__Task to carry out__: The material below holds pictures; leave them out and reproduce exactly the lines from the one with "Women’s NEON Pink" through the one with "充電式のコードレスタイプで、", inclusive.

*** Block opens ***

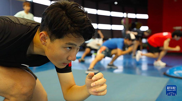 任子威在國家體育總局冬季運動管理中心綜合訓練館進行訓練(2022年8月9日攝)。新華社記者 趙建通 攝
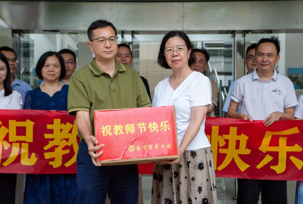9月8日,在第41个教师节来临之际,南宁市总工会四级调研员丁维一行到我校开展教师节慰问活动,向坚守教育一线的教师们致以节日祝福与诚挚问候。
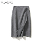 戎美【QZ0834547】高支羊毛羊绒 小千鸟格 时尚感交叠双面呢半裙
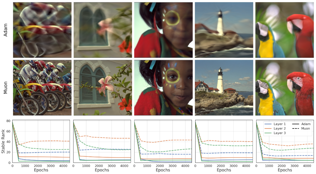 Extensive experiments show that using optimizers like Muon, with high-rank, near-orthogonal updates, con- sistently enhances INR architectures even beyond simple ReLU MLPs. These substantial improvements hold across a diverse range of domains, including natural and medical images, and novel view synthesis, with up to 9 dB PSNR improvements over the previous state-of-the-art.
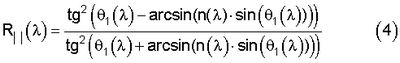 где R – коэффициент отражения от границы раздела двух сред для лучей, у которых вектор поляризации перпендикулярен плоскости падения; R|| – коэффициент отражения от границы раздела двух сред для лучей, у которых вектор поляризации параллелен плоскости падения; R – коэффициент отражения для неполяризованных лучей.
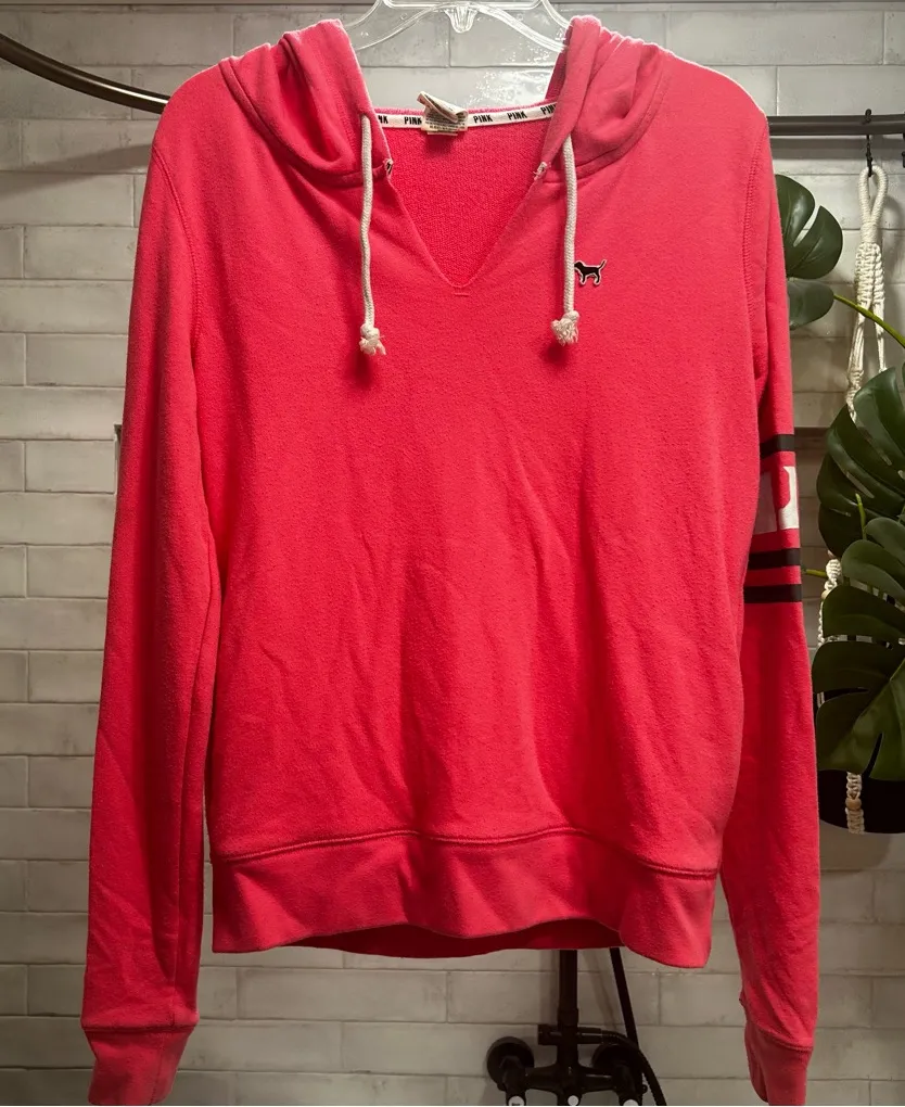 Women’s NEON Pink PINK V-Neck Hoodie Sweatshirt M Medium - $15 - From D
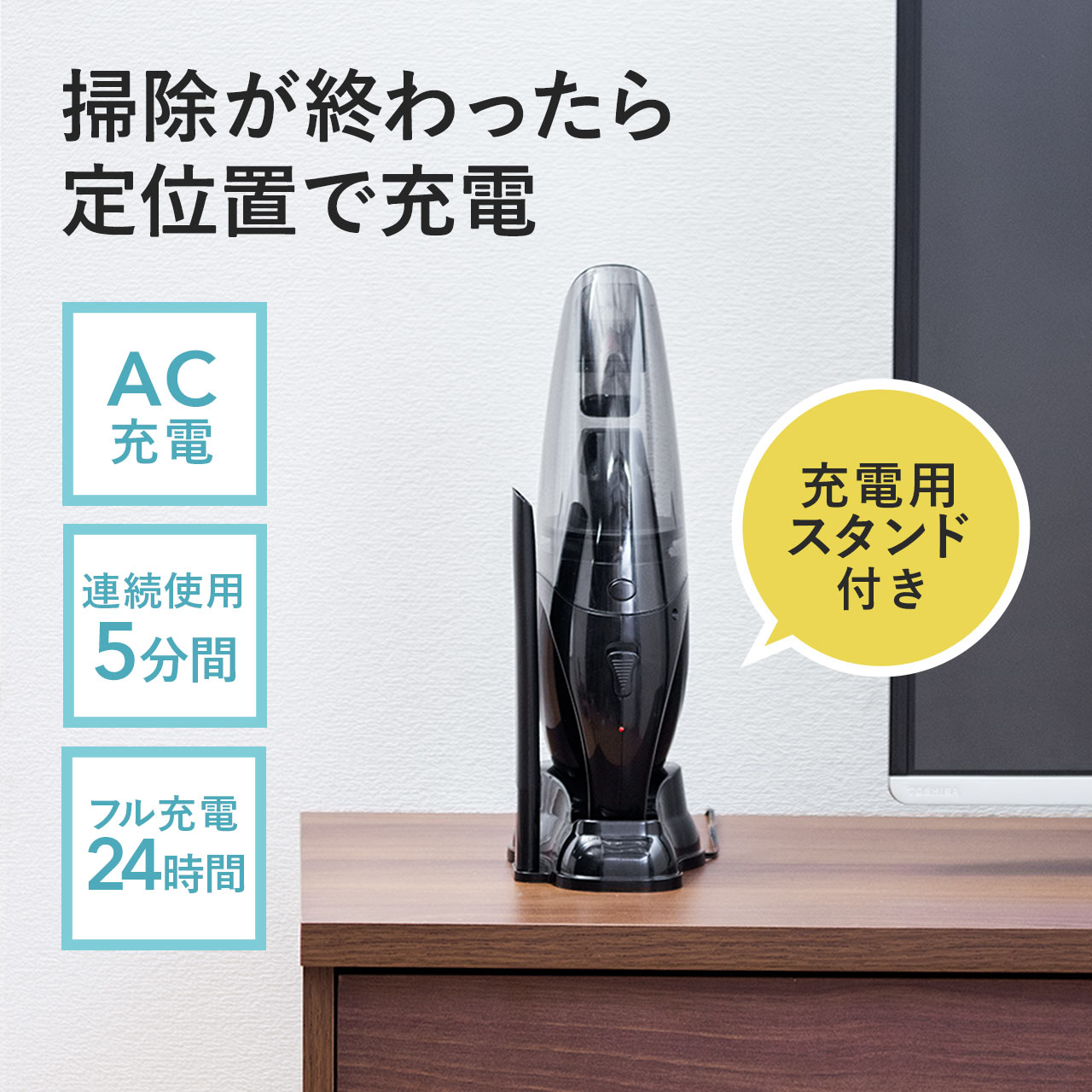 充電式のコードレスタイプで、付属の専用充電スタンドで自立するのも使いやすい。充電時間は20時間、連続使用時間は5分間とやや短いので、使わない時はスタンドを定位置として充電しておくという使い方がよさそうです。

*** Block closes ***
*** Block opens ***

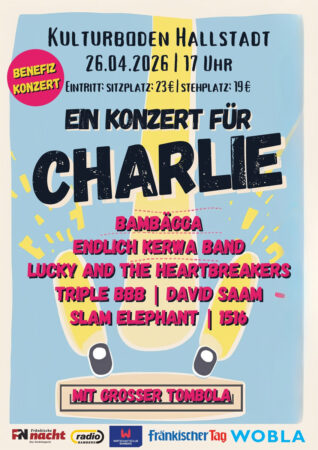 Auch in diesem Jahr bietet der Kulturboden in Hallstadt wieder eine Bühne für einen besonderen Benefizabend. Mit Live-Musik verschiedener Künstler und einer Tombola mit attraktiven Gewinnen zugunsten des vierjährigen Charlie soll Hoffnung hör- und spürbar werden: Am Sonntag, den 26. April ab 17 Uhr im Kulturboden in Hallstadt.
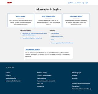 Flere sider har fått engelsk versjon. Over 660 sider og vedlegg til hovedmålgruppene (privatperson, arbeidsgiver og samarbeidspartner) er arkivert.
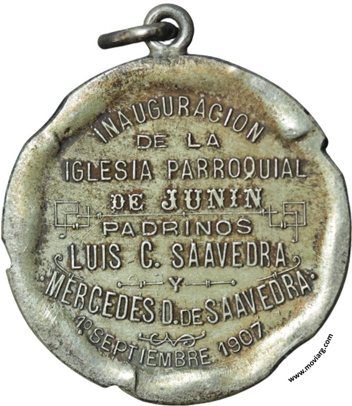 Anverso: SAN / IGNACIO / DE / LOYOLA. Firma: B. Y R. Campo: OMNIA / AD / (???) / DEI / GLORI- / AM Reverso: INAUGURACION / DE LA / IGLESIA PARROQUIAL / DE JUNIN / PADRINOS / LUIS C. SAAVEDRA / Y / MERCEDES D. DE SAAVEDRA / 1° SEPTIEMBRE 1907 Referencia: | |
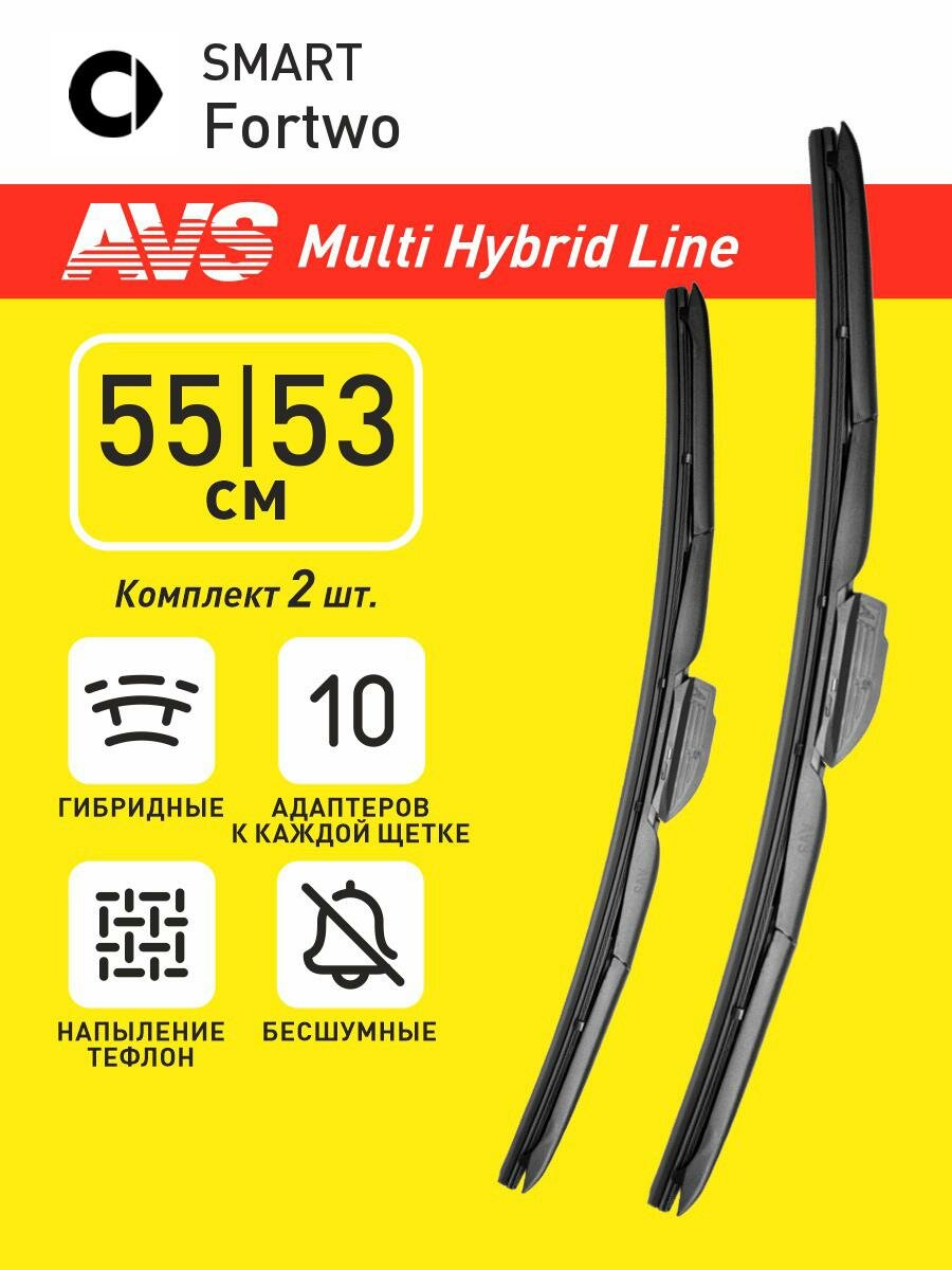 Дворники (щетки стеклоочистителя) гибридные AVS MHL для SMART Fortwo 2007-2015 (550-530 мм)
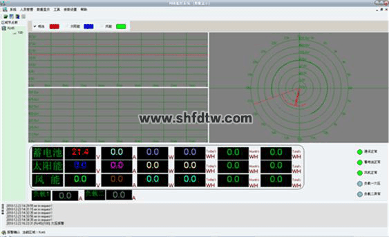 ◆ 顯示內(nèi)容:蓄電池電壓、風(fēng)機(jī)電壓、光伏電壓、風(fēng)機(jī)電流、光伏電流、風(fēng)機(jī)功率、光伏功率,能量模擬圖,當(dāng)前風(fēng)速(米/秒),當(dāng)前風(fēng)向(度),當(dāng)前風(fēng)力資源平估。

*** Block closes ***

__Solved exercise__:
 Women’s NEON Pink PINK V-Neck Hoodie Sweatshirt M Medium - $15 - From D
 充電式のコードレスタイプで、付属の専用充電スタンドで自立するのも使いやすい。充電時間は20時間、連続使用時間は5分間とやや短いので、使わない時はスタンドを定位置として充電しておくという使い方がよさそうです。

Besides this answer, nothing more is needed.